A naive application of state-of-the-art bidirectional encoders for streaming sequence tagging would require re-encoding all tokens from scratch whenever a new token appears in an incremental streaming input (like transcribed speech). The lack of re-usability of previous computation leads to a higher number of Floating Point Operations (or FLOPs) and higher number of unnecessary label flips. Increased FLOPs consequently lead to higher wall-clock time and increased label flipping leads to poorer streaming performance. In this work, we present Hybrid Encoder with Adaptive Restart (HEAR) that addresses these issues while maintaining the performance of bidirectional encoders over offline (or complete) inputs and improving performance on streaming (or incomplete) inputs. HEAR uses a Hybrid unidirectional-bidirectional encoder architecture to perform sequence tagging, along with an Adaptive Restart Module (ARM) to selectively guide the restart of bidirectional portion of the encoder. Across four sequence tagging tasks, HEAR offers FLOPs savings in streaming settings upto 71.1% and also outperforms bidirectional encoders for streaming predictions by upto +10% streaming exact match.

1 Introduction

State-of-the-art text encoding methods assume the offline setting, where the entire input text is available when encoding it. This differs from the streaming setting where the input text grows over time (such as transcribed speech or a typed query) Cho and Esipova (2016); Gu et al. (2017); Chang et al. (2022). Processing streaming input incrementally can enable suggestions on partial inputs Iranzo Sanchez et al. (2022), reduced final latency Zhou et al. (2022) and lead to more interactive NLU agents Cai and de Rijke (2016).

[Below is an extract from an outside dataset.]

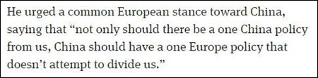 他說:“不能只是要求我們堅持一個中國原則;中國也應(yīng)當堅持一個歐洲的立場,不能試圖分裂我們。”

Model GFLOPs Offline F1 Streaming EM
BiDi encoder 74.7 93.1 75.1
Hybrid encoder 43.4 93.0 72.5
HEAR (Hybrid + ARM) 21.6 93.0 85.1
Table 1: Computation cost (Giga FLOPs), Offline F1 and Streaming Exact Match accuracy of standard bidirectional (BiDi) encoder, Hybrid encoder model and HEAR (Hybrid encoder with ARM for guiding Adaptive Restarts) on SNIPS test set.

Existing state-of-the-art bidirectional encoders (such as Devlin et al. (2019)) are computationally expensive for streaming processing. When a new token is received, these models require a restart, i.e., re-computation of representation of each token by re-running the bidirectional layer Kahardipraja et al. (2021). This adds to the computational cost (i.e., Higher FLOPs) during streaming and leads to higher wall clock time. Another limitation of these encoders is poorer generalization to partial inputs Madureira and Schlangen (2020), stemming from these models being trained only on complete (and offline) inputs. Despite these disadvantages, such bidirectional models offer better offline performance than unidirectional models across several NLP tasks like sequence tagging Kahardipraja et al. (2021).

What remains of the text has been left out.